Hajo Funke, Professor am Berliner Otto-Suhr-Institut, und Alexander Rhotert, derzeit OSCE-Officer for Democratization in Bosnien, hat die Frage Hiobs umgetrieben: Warum? Warum all das Leid? Warum der Verlust der Nächsten, der Heimat, des gelebten Lebens?

Die beiden Autoren haben diese Frage in den Mittelpunkt ihrer Forschungsarbeit in den letzten Jahren gestellt. Insbesondere Funke hat dabei immer wieder für die Opfer der Kriege in Jugoslawien Partei ergriffen – erinnert sei an seinen Einsatz für die jüdische Hilfsorganisation „Benevolencija“ in Sarajevo.
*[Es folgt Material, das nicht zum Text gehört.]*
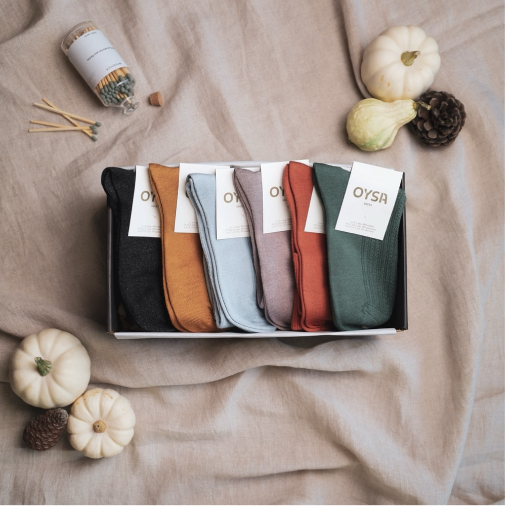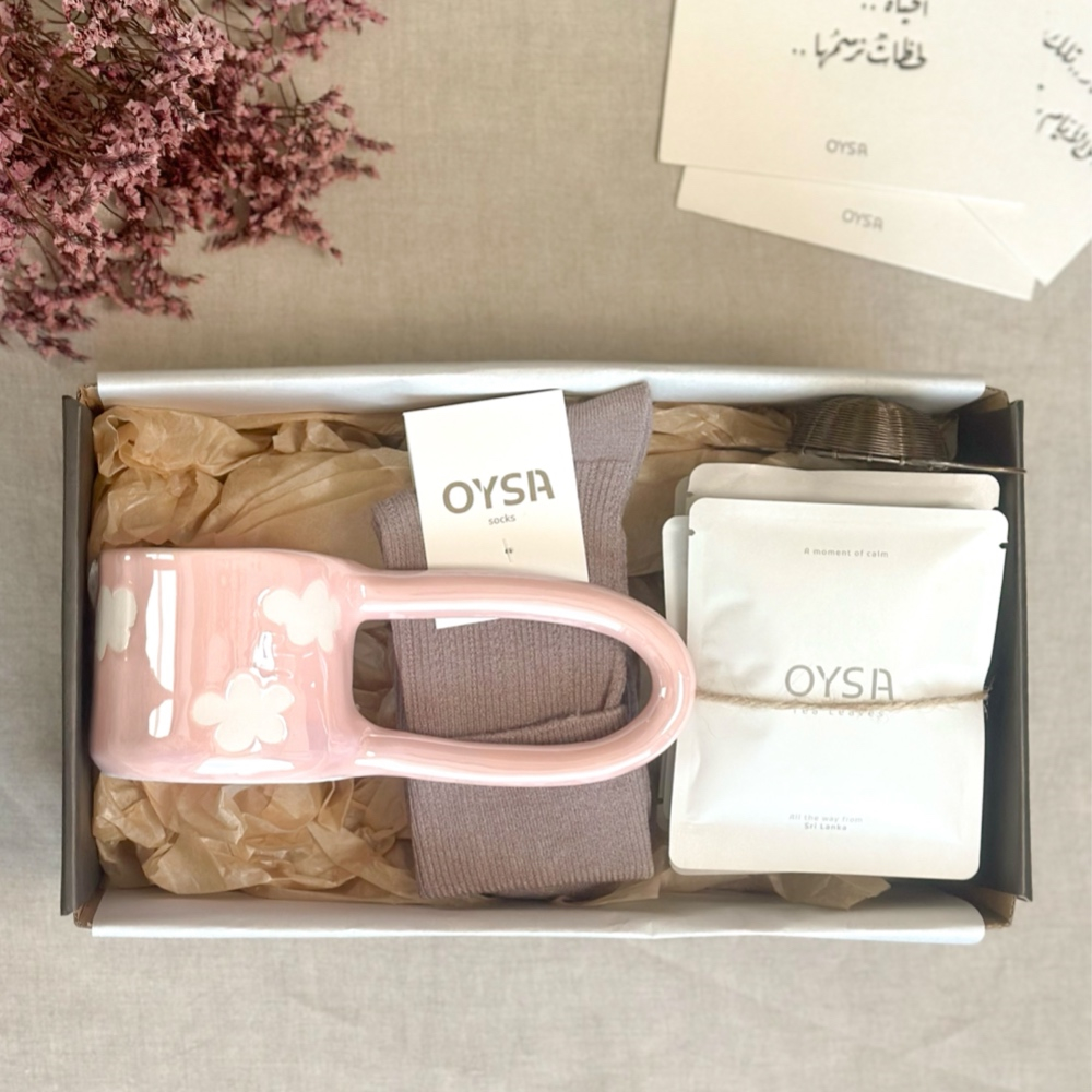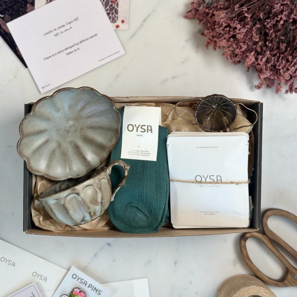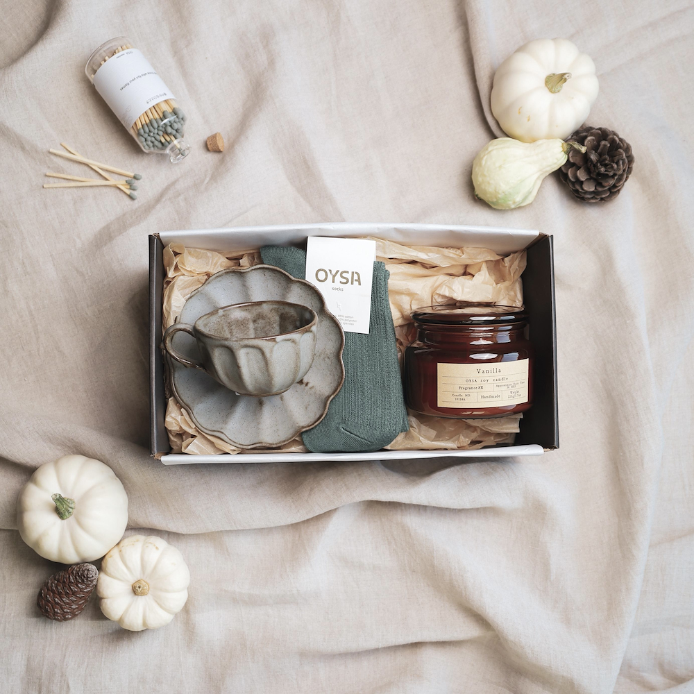 A thoughtfully curated gift box featuring a handmade ceramic mug, cozy Japanese-style socks, a soothing natural soy wax candle. Packaged with care in OYSA’s signature wrapping.
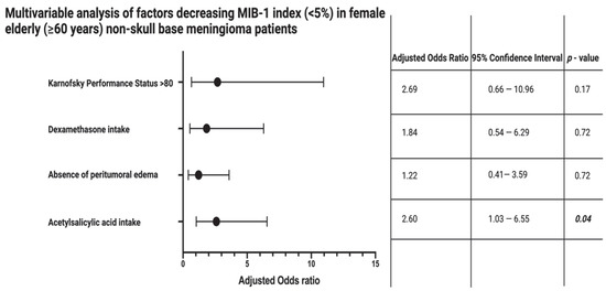 Forest plots from multivariable binary logistic regression analysis: Acetylsalicylic acid intake is an independent factor associated with an MIB-1 labeling index <5% in female elderly (≥60 years) non-skull-base meningioma patients. p-values in italics and bold display statistically significant results.

Doch Betroffenheit und Engagement allein machen noch keine Wissenschaft. Gern sehen sich Funke und Rhotert auf der Seite des „Opferkollektivs, nämlich der Muslime“. Doch das Fazit ihrer Forschungen, das die beiden Autoren kurz nach dem Ende des Kosovo-Krieges vorlegten, ist ausgesprochen unbefriedigend. Das Buch beschäftigt sich mit der serbischen Politik und Praxis der „ethnischen Säuberung“ in Bosnien. Die Betonung liegt auf „serbisch“. Diese Einschränkung erweist sich von der ersten Seite an als methodisches (nicht als moralisches) Defizit der Arbeit, vor allem im einführenden historischen Teil.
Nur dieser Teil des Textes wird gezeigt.